Nearby is a letter from the government telling the brothers to forget their silly idea. It took President Theodore Roosevelt's personal intervention to get the military interested in aviation. Some two dozen foreign aircraft are in the collection, with almost all the World War I group foreign-made because that was what U.S. pilots flew. Startling is the Fokker D VII, decorated in the colors of German pilot Lt. Rudolph Stark -- World War I dabbled camouflage and pink.

Some of the planes are unique in that they were used by famous people in infamous situations, and some are rare surviving examples of their type. One of the stars of the World War II era is a sleek P-61 Northrop Black Widow fighter, almost totally black to blend into the night in which it fought. There also is the inadvertent World War II British semi-stealth fighter, the DeHavilland Mosquito, which made only a faint impression on German radar because it was made mostly of wood.

Then came the jets. America's first operating jet, the F-80 Lockheed Shooting Star, is there, but so are earlier jets, the P-59 Bell Aeracomet, begun in 1942, and a German ME-262, which caused havoc late in the war.
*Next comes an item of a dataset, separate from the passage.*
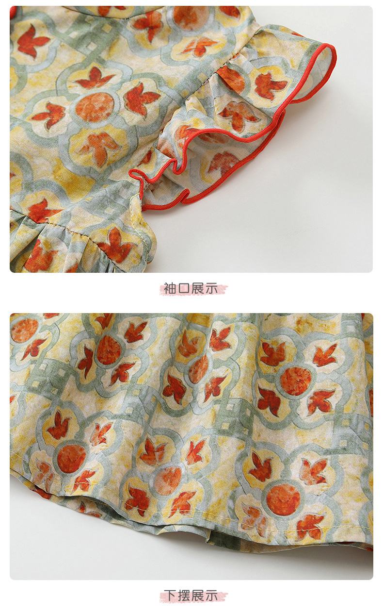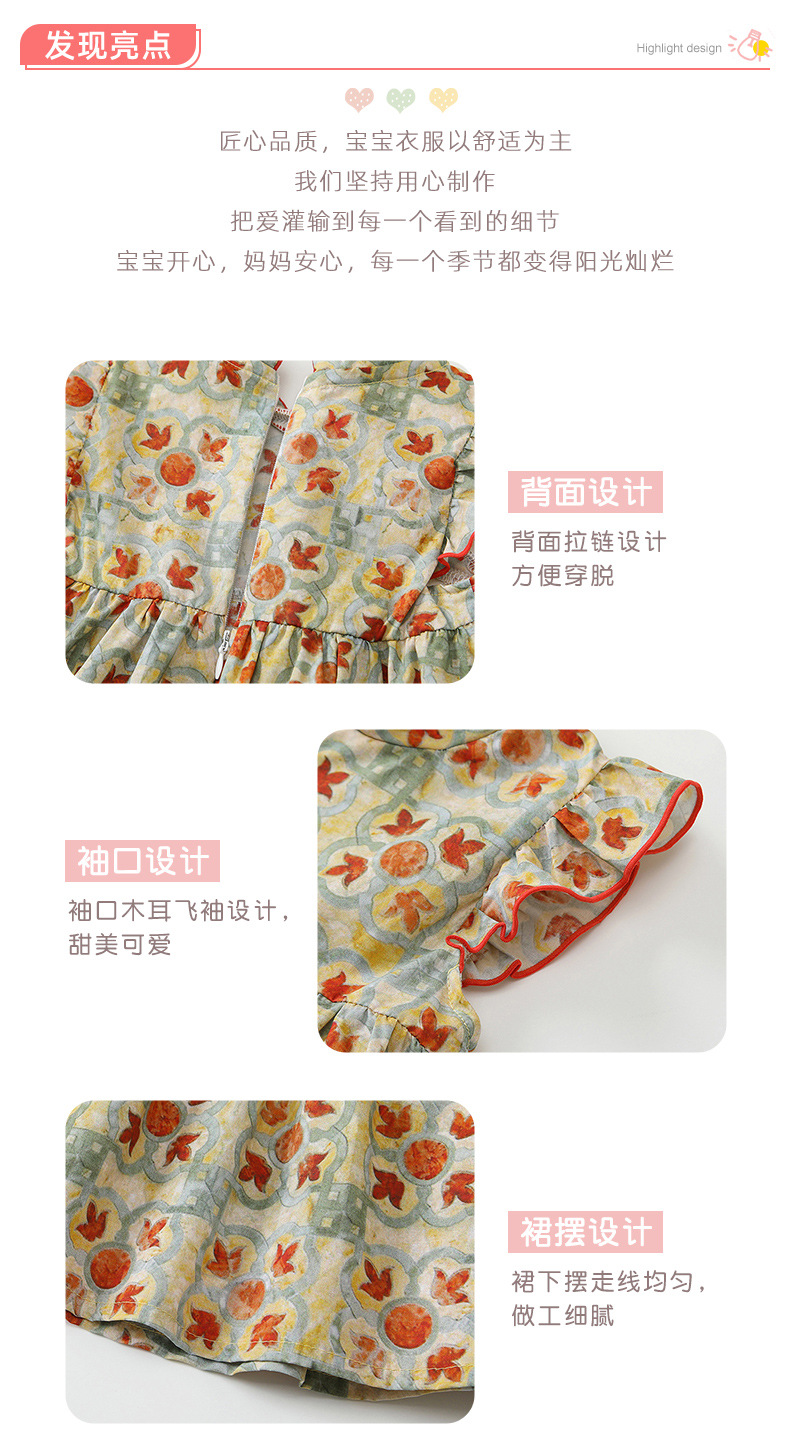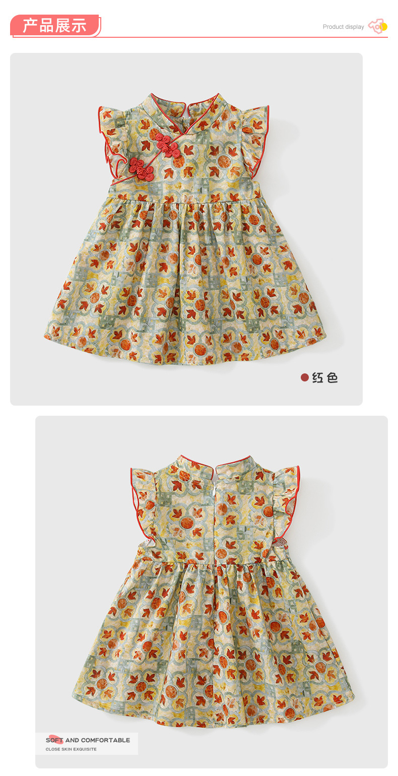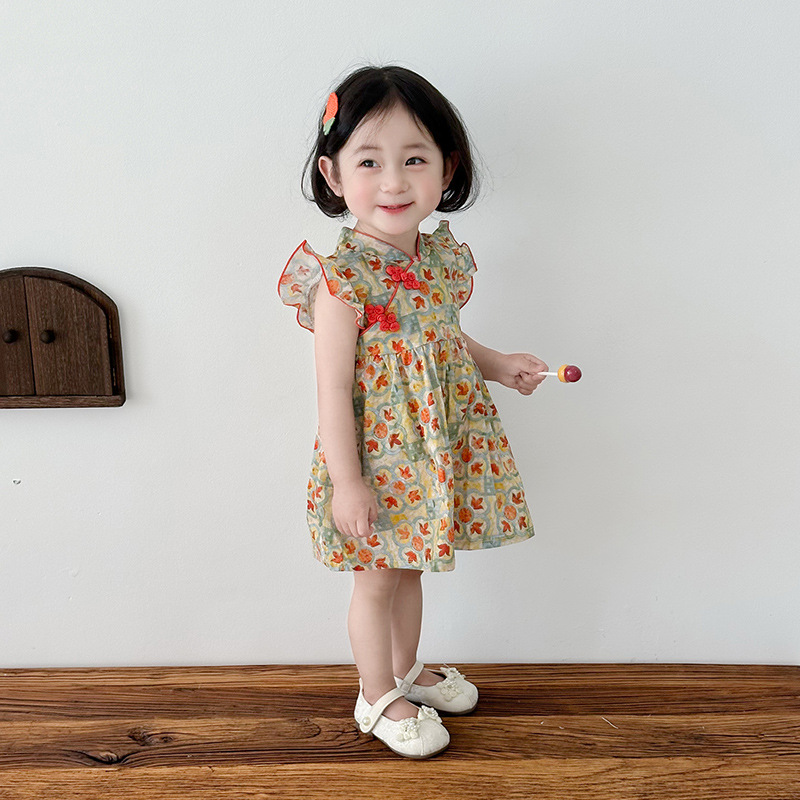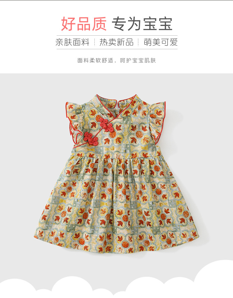 25 여름 새 소녀의 인쇄 된 면화 원피스 중국 스타일 어린이 원피스 새로운 중국 스타일 아기 원피스 1 년 된 원피스

The P-59 is in the museum's two-part annex, the part devoted to research and development aircraft. Among other planes in this hangar are a Lockheed F-12, a forerunner of the SR-71 spy plane; the North American F-107, which cost $30.8 million and was used for less than a year; and Republic's F-91, which had a top speed of 984 mph, but could stay aloft only 25 minutes at a time.

It's safe to assume that if it was Air Force and flew, it probably is here. And toss in a couple of rockets, missiles and spacecraft for good measure.

WHEN YOU GO ...

Getting there: The museum is just east of Dayton, Ohio, close to Interstate 70, about an hour west of Columbus. Exit at Interstate 675 south; signs for the museum appear after about nine miles.
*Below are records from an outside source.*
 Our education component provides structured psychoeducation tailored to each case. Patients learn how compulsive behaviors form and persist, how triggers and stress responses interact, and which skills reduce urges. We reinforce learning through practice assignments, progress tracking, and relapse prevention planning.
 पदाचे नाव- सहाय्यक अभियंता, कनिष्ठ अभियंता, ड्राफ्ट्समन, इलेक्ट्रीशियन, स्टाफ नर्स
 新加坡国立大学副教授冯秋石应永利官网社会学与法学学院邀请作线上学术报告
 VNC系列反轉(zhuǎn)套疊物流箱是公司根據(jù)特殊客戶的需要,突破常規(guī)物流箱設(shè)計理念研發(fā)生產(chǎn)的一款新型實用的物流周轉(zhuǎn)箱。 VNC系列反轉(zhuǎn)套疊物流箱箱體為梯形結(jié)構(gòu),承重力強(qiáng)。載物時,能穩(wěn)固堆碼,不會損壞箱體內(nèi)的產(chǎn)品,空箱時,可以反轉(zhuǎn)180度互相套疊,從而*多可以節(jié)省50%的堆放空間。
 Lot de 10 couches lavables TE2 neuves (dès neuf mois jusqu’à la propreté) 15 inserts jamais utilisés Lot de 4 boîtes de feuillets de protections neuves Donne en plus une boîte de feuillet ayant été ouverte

Tours: These are worth taking because the guides offer information not provided elsewhere. Guides must cover a lot of ground quickly, so plan on also going through alone for the more complete visit.

Activities: An Imax theater has several showings daily, and there's a British Harrier jump jet simulator.

Hours: 9 a.m. to 5 p.m. daily, except Thanksgiving, Christmas and New Year's.

Cost: Admission and parking free.

Information: 937-255-3284; Web site: www.wpafb.af.mil/museum.